Painting Scar with smaller strokes doesn't mean Vickery gets to take it easy.

"I liken it physically to playing a football game. I go home and take a hot bath." He also avails himself three times a week of the physical therapist who is on call for the cast.

Financial and personal issues figured in Vickery's decision to play Scar again: Through at least next June--and longer if the show is extended--he will have a steady gig two freeway exits from his home, where he can be an everyday presence for his 10-year-old daughter and for his girlfriend. He also likes the sheer physical challenge of donning that 45-pound costume each night.

"He's just going to get totally trashed by this show by the time it ends, if it ever does end," says Robinson, who has played opposite Vickery in stage productions and on the "Star Trek" television spinoff "Deep Space Nine."

For his efforts, Vickery knows he will reap boos at every curtain call. Instead of taking a bow, he feigns a snarl and swipes a claw at the audience.

Actually, he says he couldn't take a bow if he wanted to, because his flying harness makes it impossible to bend over.

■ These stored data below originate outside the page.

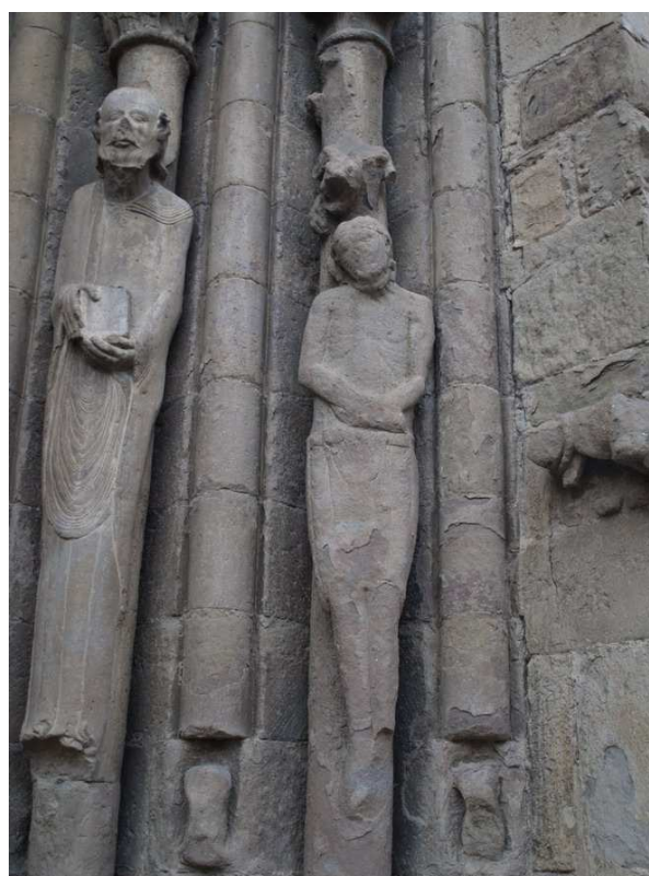
Santa María la Real de Sangüesa, Navarra (España), portada meridional (segunda mitad del siglo XII). Estatuas columna de la jamba derecha. A la derecha, ahorcado, JVDAS MERCATOR.
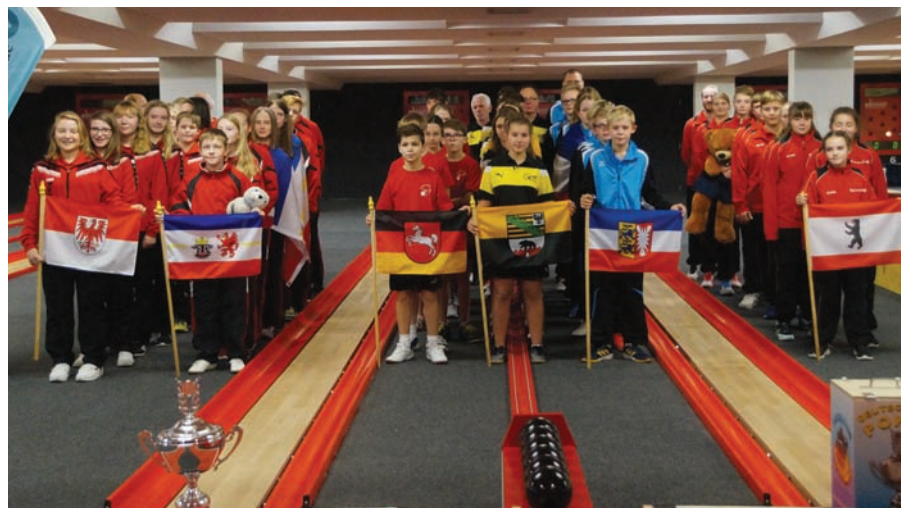
Die beteiligten Mannschaften präsentieren sich bei der Eröffnungsfeier.

Das Spiel um Platz 3 und die Bronzemedaille entschied Brandenburg mit 3:2 Punkten gegen Mecklenburg-Vorpom-
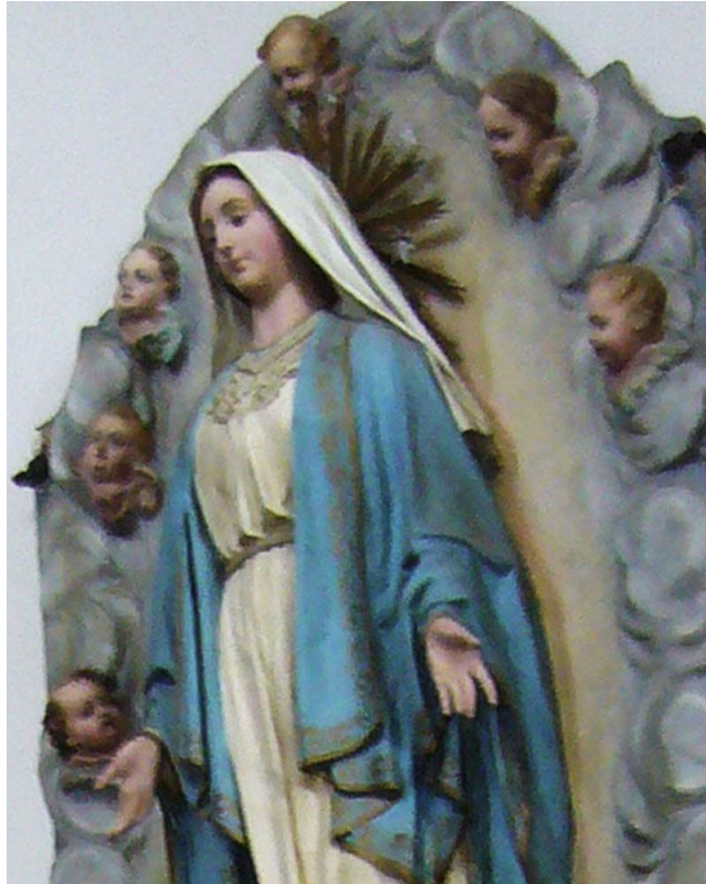
Fig. 4 – Statua della Madonna Immacolata (cartapesta)
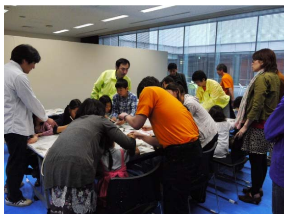
セラミック折り紙の模様
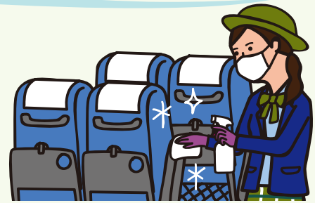
車内の消毒を徹底しています
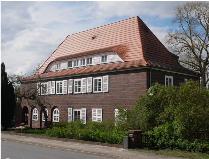
Gemeindeamtsgebäude Freienhufen
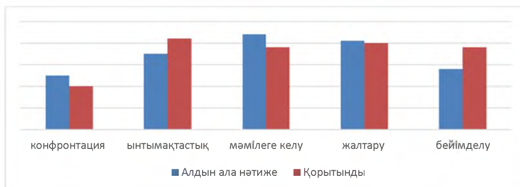
2-диаграмма. Т. Килманнның жанжал жағдайында оқушының мінез-құлық түрін анықтау бойынша диагностикалық зерттеу нәтижелері

Осы әдістемеге сәйкес, біз барлық студенттердің көрсеткіштердің орташа мәнін анықтадық. Біз алған нәтижелер 2-диаграммада көрсетілген.
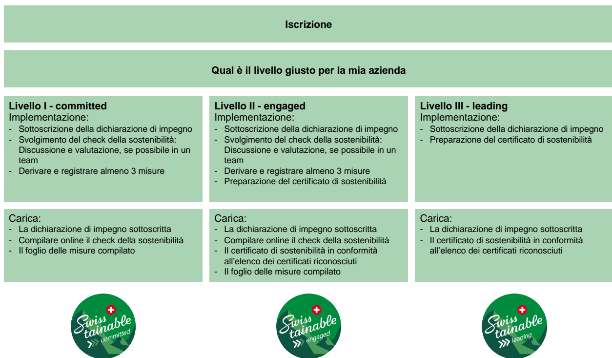
Figura 4: panoramica della procedura per ogni livello

La figura fornisce una panoramica delle fasi dell'attuazione e dei certificati richiesti. Le fasi concrete della procedura di attuazione sono descritte di seguito, suddivise in base al livello.
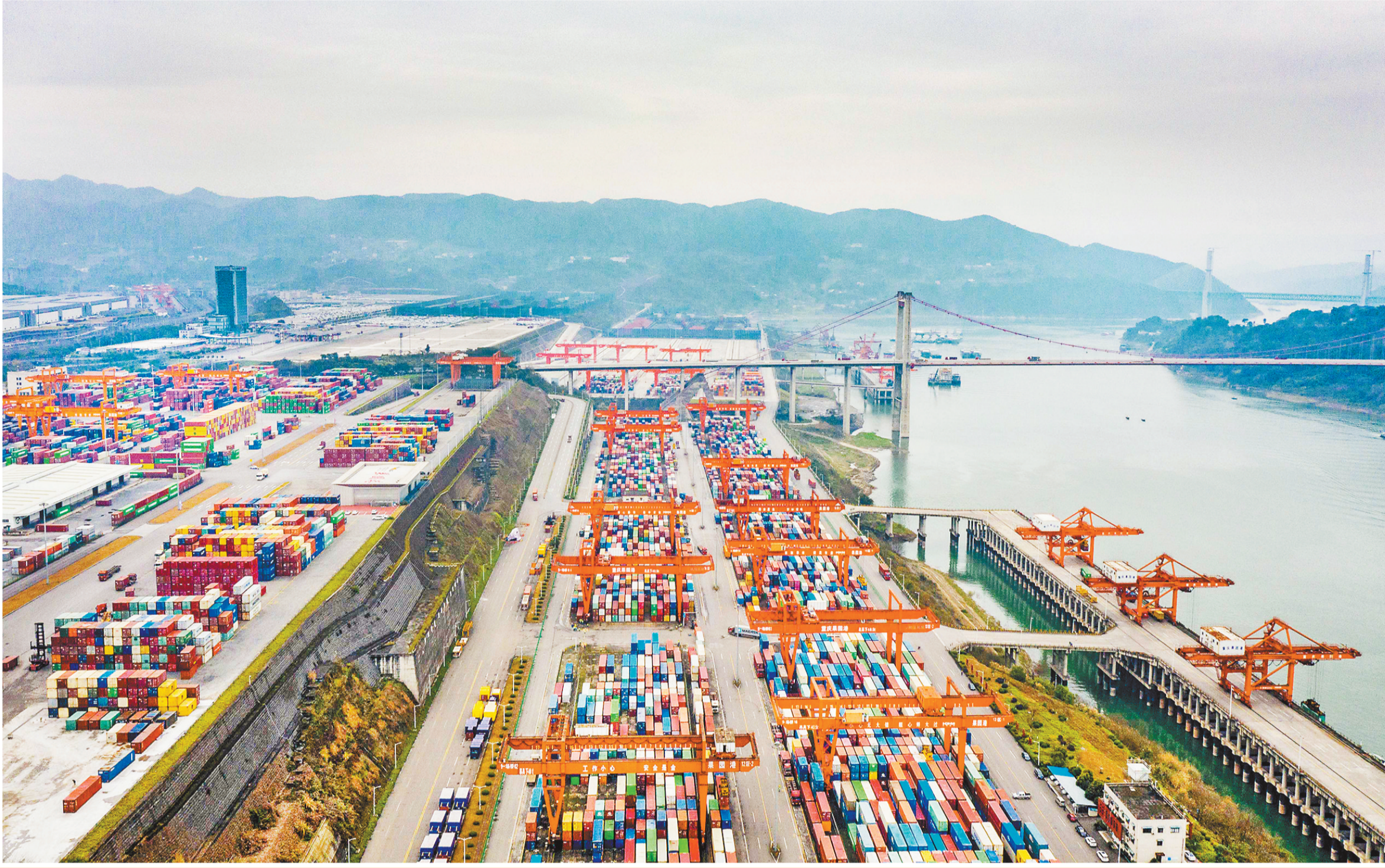
2月10日,大量集装箱整齐有序地摆放在果园港等待吊装。
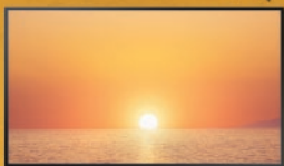
The Terrace : la TV d'Extérieur
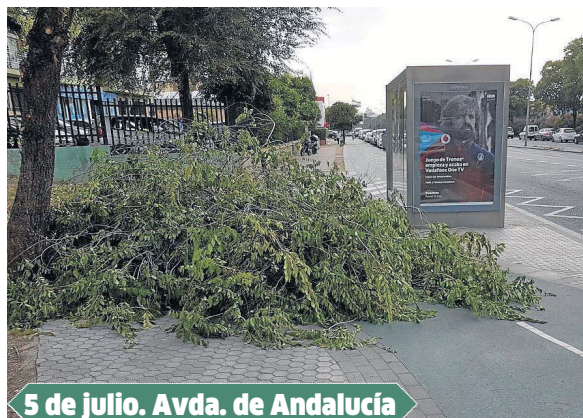
5 de julio. Avda. de Andalucía

provoca que las raíces levanten el acerado y que además condicione el normal crecimiento de los árboles afectados. «En Sevilla se han cometido muchos errores con los alcornoques, que no tienen suelo. Todavía tenemos que avanzar bastante».

"I presume I'm doing a good job if they're booing. It's a badge of honor," he says. "It's such a celebratory show, somebody's got to be the sourpuss."

* "The Lion King," Pantages Theatre, 6233 Hollywood Blvd. Tuesdays through Fridays, 8 p.m., Saturdays 2 and 8 p.m, Sundays 1 and 6:30 p.m., with occasional Wednesday matinees at 2 p.m. Ends June 30. $ 12-$ 127. (213) 365-5555 or (714) 703-2510.

John Vickery as Scar
The 34-piece costume worn by Vickery, shown with KaRonn A. Henderson, weighs 45 pounds.